Matsuhashi Tomohiko, Takeshita Toshiyuki, Yamamoto Akihito, Kawase Rieko, Yamada Takashi, Kurose Keisuke, Doi Daisuke, Konnai Katsuyuki, Onose Ryo, Kato Hisamori
Department of Obstetrics and Gynecology, Nippon Medical School Chiba Hokusoh Hospital.
Department of Gynecology, Kanagawa Cancer Center.
J Nippon Med Sch. 2017;84(4):170-176. doi: 10.1272/jnms.84.170.
Recently, neoadjuvant chemotherapy followed by interval debulking surgery (NACT-IDS) has been recommended for selected patients with International Federation of Gynecology and Obstetrics (FIGO) stage III or IV disease and bulky tumors. The aim of this study was to evaluate associations between post-NACT serum CA 125 levels, surgical outcomes, and clinical outcomes in patients with advanced epithelial ovarian cancer. We retrospectively analyzed 107 patients with FIGO stage III or IV ovarian cancer who were treated with NACT-IDS at the Gynecology Department of Kanagawa Cancer Center between January 2001 and December 2012. Serum CA 125 levels after NACT were significantly lower in the complete/optimal IDS group compared to the suboptimal IDS group (mean±standard deviation: 48.1±27.6 vs. 346.5±295.2 U/mL, p<0.01). Patients with low preoperative CA 125 levels (<35 U/mL) had a higher probability of optimal IDS (78.1±41.9% vs. 33.3±19.2%, p<0.01) and longer progression-free survival (mean±standard deviation: 30.4±14.3 months vs. 21.3±7.3 months, p<0.05) than patients with high CA 125 levels (>100 U/mL). Patients with low CA 125 levels (<35 U/mL) had a higher probability of complete/optimal IDS and longer progression-free survival compared to patients with high CA 125 levels (>100 U/mL).

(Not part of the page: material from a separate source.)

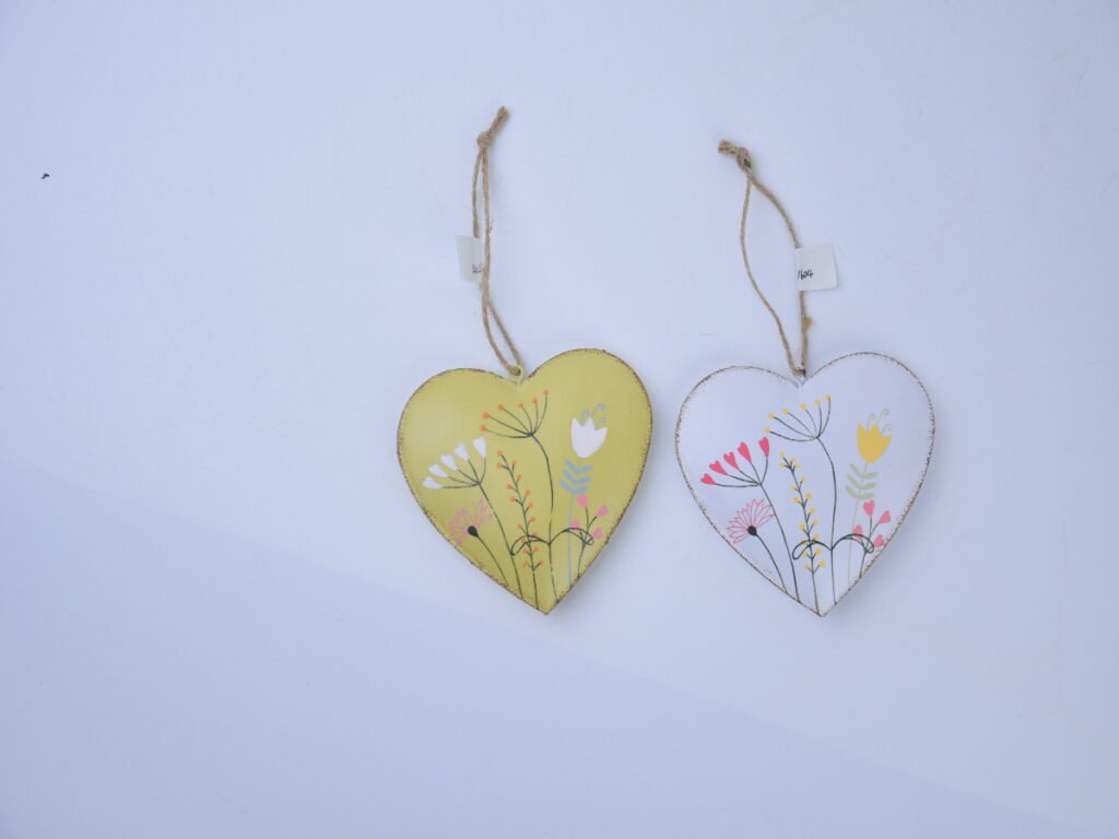 Dekorácia srdca, závesná, kov, biela/žltá, 10,5x9,5x2cm

最近,对于国际妇产科联盟(FIGO)III期或IV期疾病且肿瘤体积较大的特定患者,推荐采用新辅助化疗后行间隔减瘤手术(NACT-IDS)。本研究的目的是评估晚期上皮性卵巢癌患者NACT后血清CA 125水平、手术结局和临床结局之间的关联。我们回顾性分析了2001年1月至2012年12月在神奈川癌症中心妇科接受NACT-IDS治疗的107例FIGO III期或IV期卵巢癌患者。与次优减瘤手术组相比,完全/最优减瘤手术组NACT后的血清CA 125水平显著更低(均值±标准差:48.1±27.6 vs. 346.5±295.2 U/mL,p<0.01)。术前CA 125水平低(<35 U/mL)的患者比CA 125水平高(>100 U/mL)的患者有更高的概率接受最优减瘤手术(78.1±41.9% vs. 33.3±19.2%,p<0.01)且无进展生存期更长(均值±标准差:30.4±14.3个月 vs. 21.3±7.3个月,p<0.05)。与CA 125水平高(>100 U/mL)的患者相比,CA 125水平低(<35 U/mL)的患者有更高的概率接受完全/最优减瘤手术且无进展生存期更长。